═════ Records supplied

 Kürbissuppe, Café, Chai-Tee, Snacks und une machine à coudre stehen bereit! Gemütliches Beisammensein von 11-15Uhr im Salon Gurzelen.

══════════
═════ Records supplied

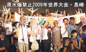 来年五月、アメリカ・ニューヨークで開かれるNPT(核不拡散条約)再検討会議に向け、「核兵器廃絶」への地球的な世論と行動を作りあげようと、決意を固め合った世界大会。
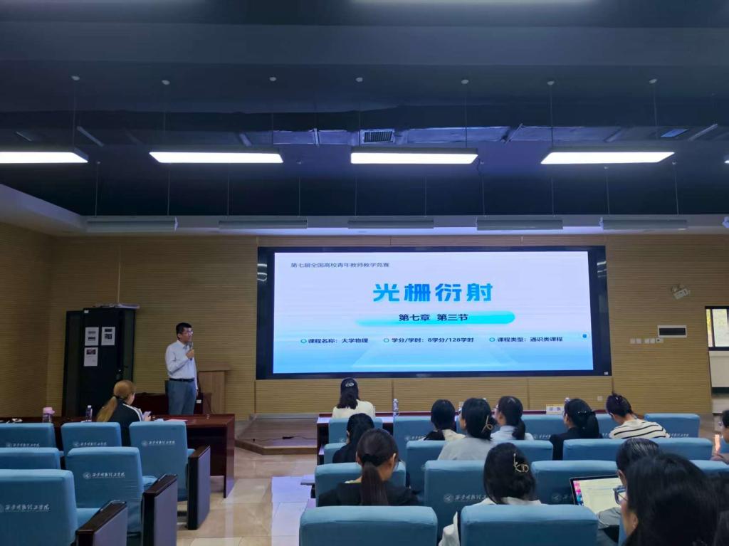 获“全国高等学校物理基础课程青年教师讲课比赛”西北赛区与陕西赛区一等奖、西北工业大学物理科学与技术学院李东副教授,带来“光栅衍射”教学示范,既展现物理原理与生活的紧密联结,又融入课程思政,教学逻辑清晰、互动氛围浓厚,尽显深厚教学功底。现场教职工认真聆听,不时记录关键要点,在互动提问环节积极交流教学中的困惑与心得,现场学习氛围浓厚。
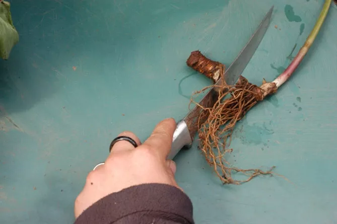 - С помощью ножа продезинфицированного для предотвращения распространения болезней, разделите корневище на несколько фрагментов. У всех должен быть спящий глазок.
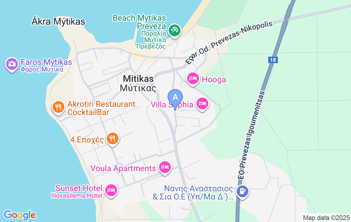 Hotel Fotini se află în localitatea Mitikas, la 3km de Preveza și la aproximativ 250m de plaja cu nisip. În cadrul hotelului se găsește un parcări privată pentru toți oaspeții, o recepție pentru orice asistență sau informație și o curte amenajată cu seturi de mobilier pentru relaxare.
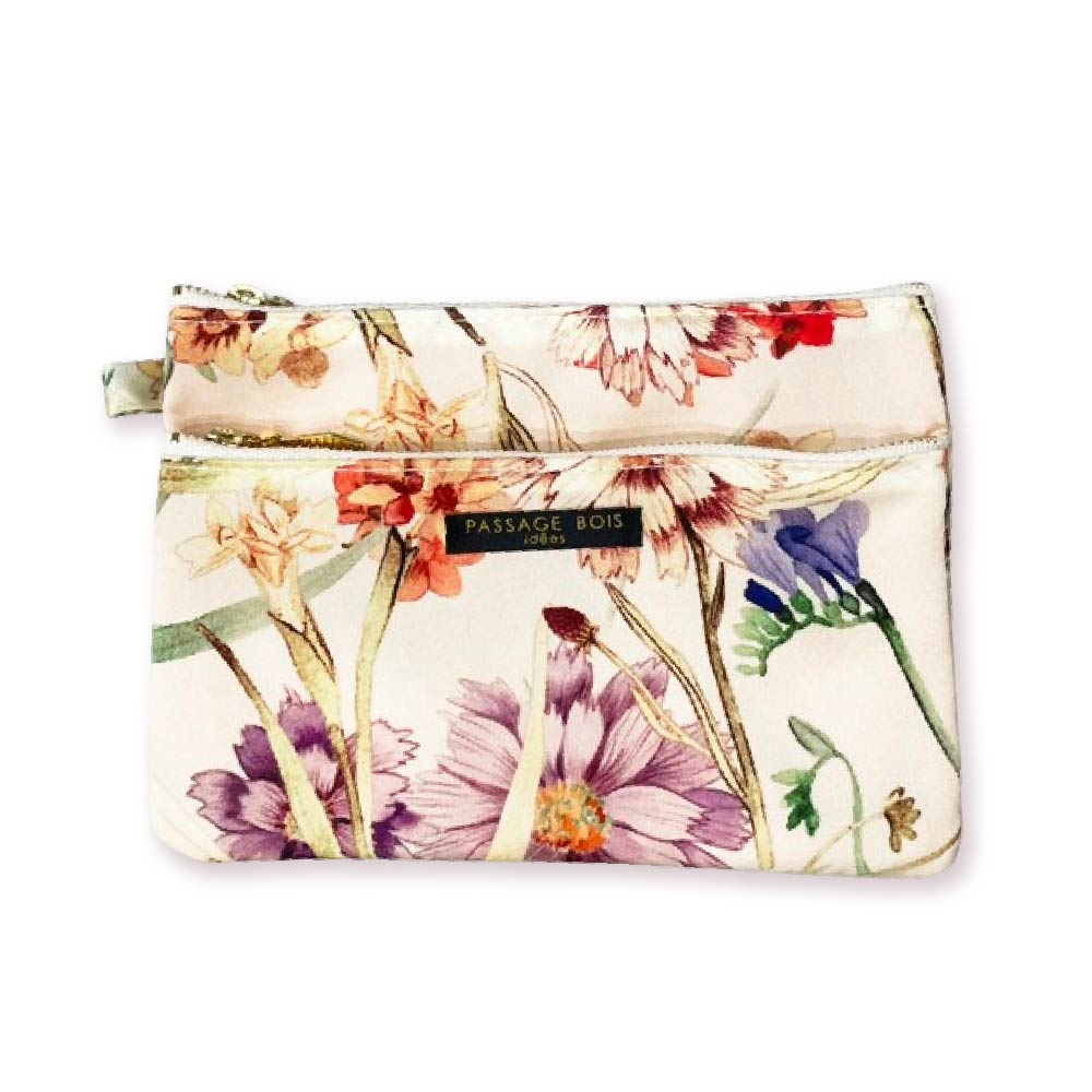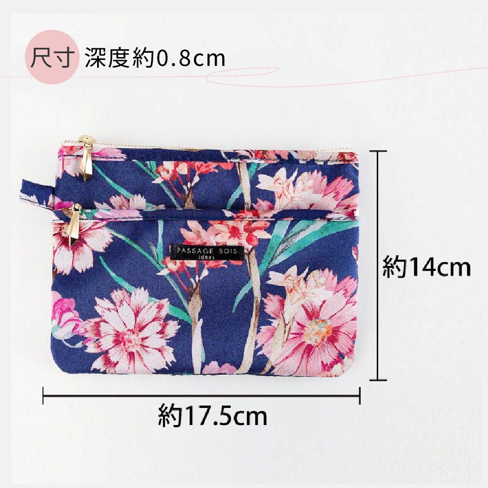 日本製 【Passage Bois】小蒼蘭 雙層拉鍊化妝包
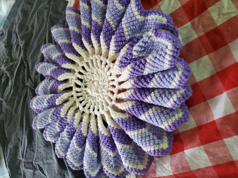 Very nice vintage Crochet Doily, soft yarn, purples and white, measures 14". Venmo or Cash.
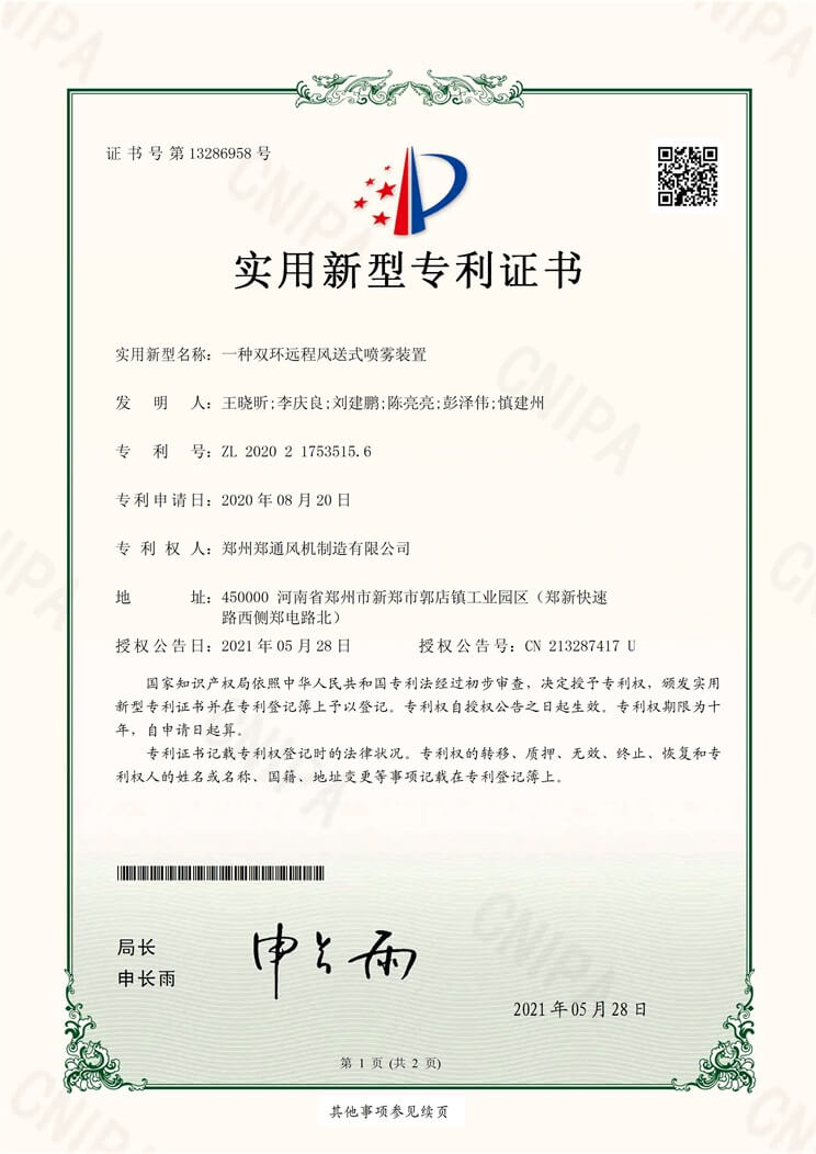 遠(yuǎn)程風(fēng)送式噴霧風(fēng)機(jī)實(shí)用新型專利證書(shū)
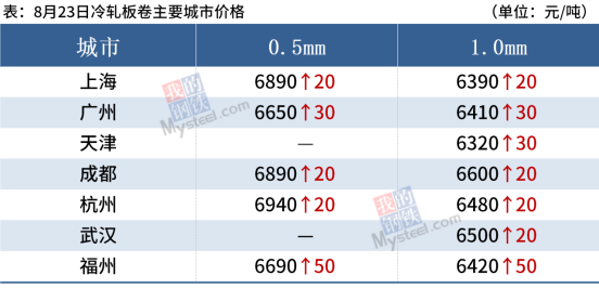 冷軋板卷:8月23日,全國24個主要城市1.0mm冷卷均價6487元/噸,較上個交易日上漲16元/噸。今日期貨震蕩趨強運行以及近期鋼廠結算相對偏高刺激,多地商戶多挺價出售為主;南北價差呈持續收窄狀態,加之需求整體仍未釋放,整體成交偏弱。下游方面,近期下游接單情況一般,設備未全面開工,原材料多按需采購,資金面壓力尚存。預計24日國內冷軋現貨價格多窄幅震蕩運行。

══════════

For the material above, give again only the lines starting at the line that contains "来年五月、アメリカ・ニューヨ" and ending at the line that contains "冷軋板卷:8月23日,全國2". Pictures do not belong in the copy.

 来年五月、アメリカ・ニューヨークで開かれるNPT(核不拡散条約)再検討会議に向け、「核兵器廃絶」への地球的な世論と行動を作りあげようと、決意を固め合った世界大会。
 获“全国高等学校物理基础课程青年教师讲课比赛”西北赛区与陕西赛区一等奖、西北工业大学物理科学与技术学院李东副教授,带来“光栅衍射”教学示范,既展现物理原理与生活的紧密联结,又融入课程思政,教学逻辑清晰、互动氛围浓厚,尽显深厚教学功底。现场教职工认真聆听,不时记录关键要点,在互动提问环节积极交流教学中的困惑与心得,现场学习氛围浓厚。
 - С помощью ножа продезинфицированного для предотвращения распространения болезней, разделите корневище на несколько фрагментов. У всех должен быть спящий глазок.
 Hotel Fotini se află în localitatea Mitikas, la 3km de Preveza și la aproximativ 250m de plaja cu nisip. În cadrul hotelului se găsește un parcări privată pentru toți oaspeții, o recepție pentru orice asistență sau informație și o curte amenajată cu seturi de mobilier pentru relaxare.
 日本製 【Passage Bois】小蒼蘭 雙層拉鍊化妝包
 Very nice vintage Crochet Doily, soft yarn, purples and white, measures 14". Venmo or Cash.
 遠(yuǎn)程風(fēng)送式噴霧風(fēng)機(jī)實(shí)用新型專利證書(shū)
 冷軋板卷:8月23日,全國24個主要城市1.0mm冷卷均價6487元/噸,較上個交易日上漲16元/噸。今日期貨震蕩趨強運行以及近期鋼廠結算相對偏高刺激,多地商戶多挺價出售為主;南北價差呈持續收窄狀態,加之需求整體仍未釋放,整體成交偏弱。下游方面,近期下游接單情況一般,設備未全面開工,原材料多按需采購,資金面壓力尚存。預計24日國內冷軋現貨價格多窄幅震蕩運行。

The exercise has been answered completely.